Before panicking, Kristen Euretig, CFP and founder and CEO of Brooklyn Plans, also instructs panicking clients to take a look back into history to calm their nerves. "The world and markets have been here before, and we will be here again. We always get through it, somehow, some way," she said. "Americans are resilient and ingenuitive - so many new services, apps, and all-around disruption to the finance industry came out of the last downturn. I suspect the same will come to pass with this one."

2. Focus on family

Wealth Hacker Labs founder Jeff Rose, CFP, knows that sometimes, the hardest thing to do is nothing, so he emphasizes the long term for his clients. "Remember your plan on what your goals are. Have those changed? If not, then stay the course and focus on the things you can control. One of the simplest things you can control is how much news you consume. Filter out the noise and negativity and focus on the things that matter most: like family."

Marguerita Cheng, CFP and CEO of Blue Ocean Global Wealth, has a similar message, instructing her clients not to miss the forest for the trees. Yes, it's a scary time, but it's also an opportunity to spend quality time with the very people you're saving for in the long term.
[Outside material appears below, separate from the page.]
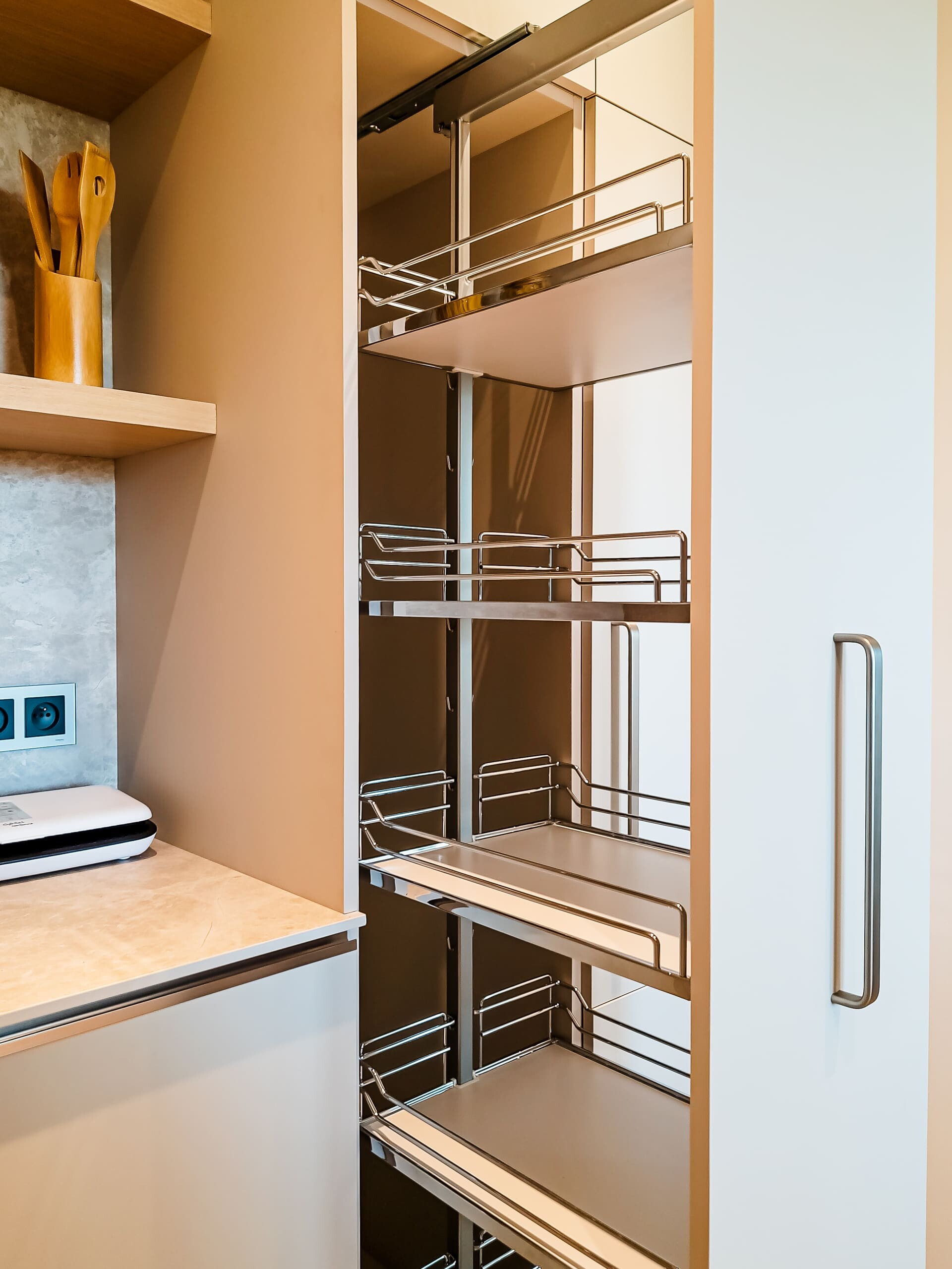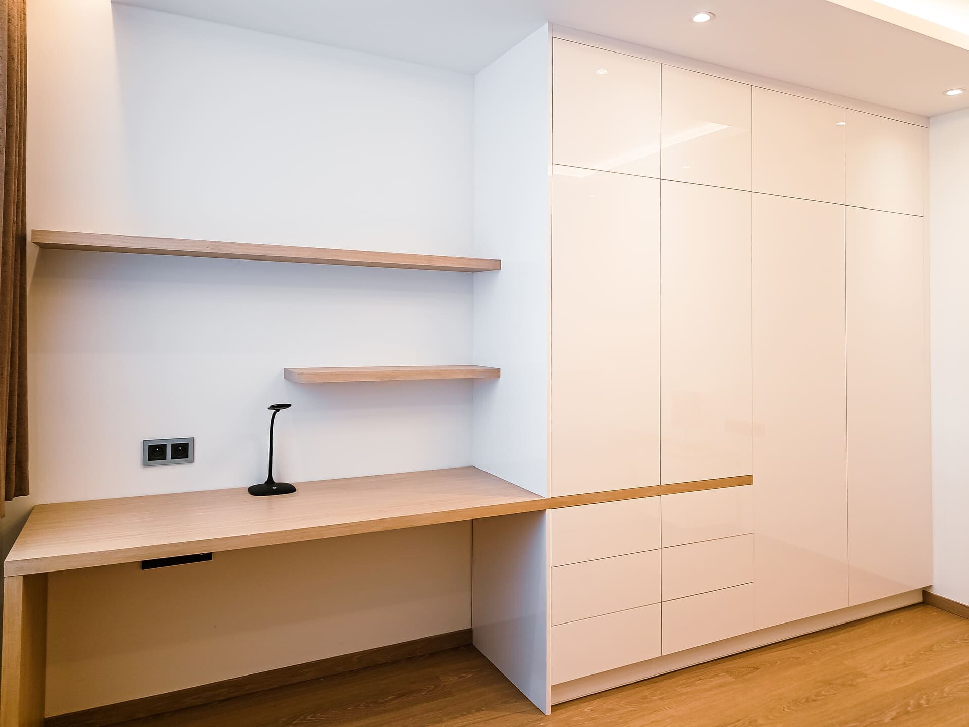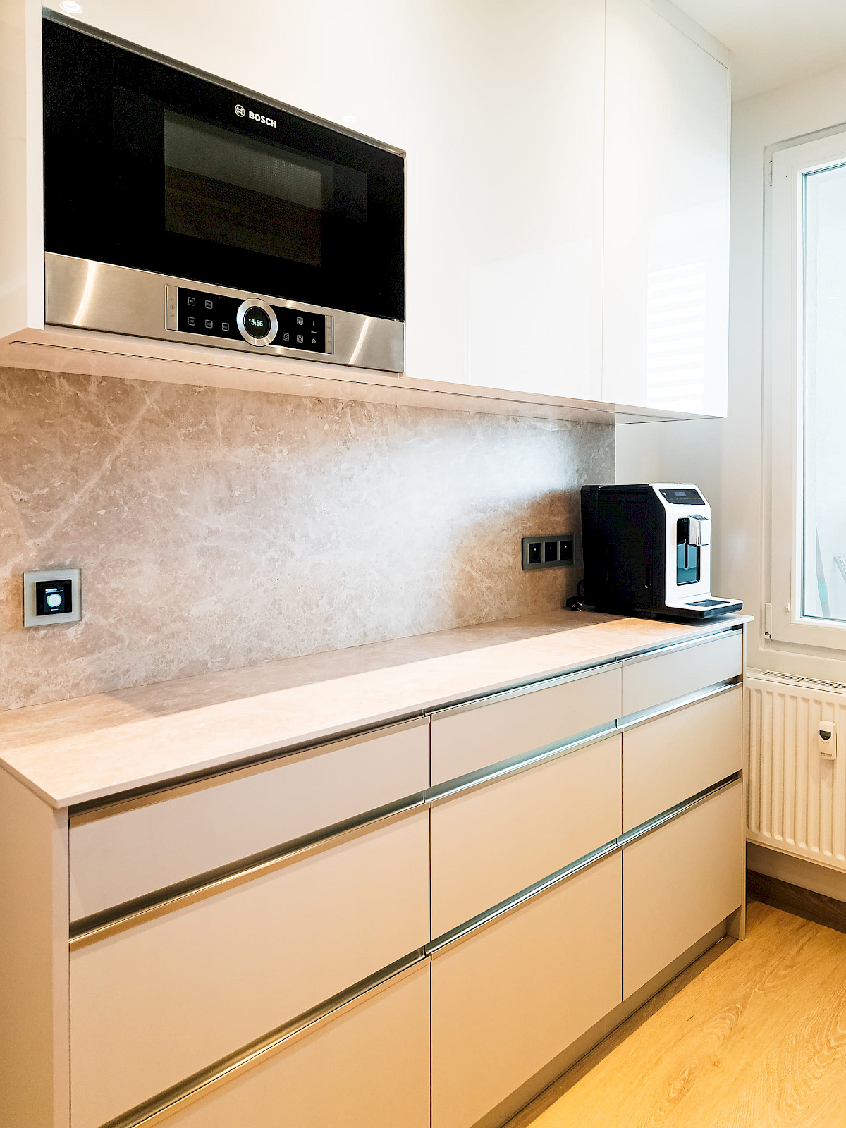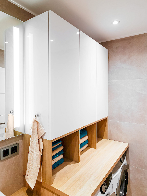 Pro tento byt v Komíně jsme zvolili moderní a elegantní design, ve kterém se snoubí nadčasová bílá barva s přírodními materiály. Otevřené police, které se nacházejí v kuchyni i dalších místnostech, pak dodávají celému prostoru vzdušnost a lehkost. Úložný prostor pak doplňují praktické skříňky rozličných tvarů a velikostí.

"For me, I'm reassuring clients and allowing them to appreciate this time for themselves, as well as friends and family," she said. "I encourage them to develop a routine to provide some consistency, which will help them both in and out of the market. Provided your investment allocation is consistent with your time horizon, goals, and objectives, don't switch or ditch - or you won't give your portfolio the chance to recover."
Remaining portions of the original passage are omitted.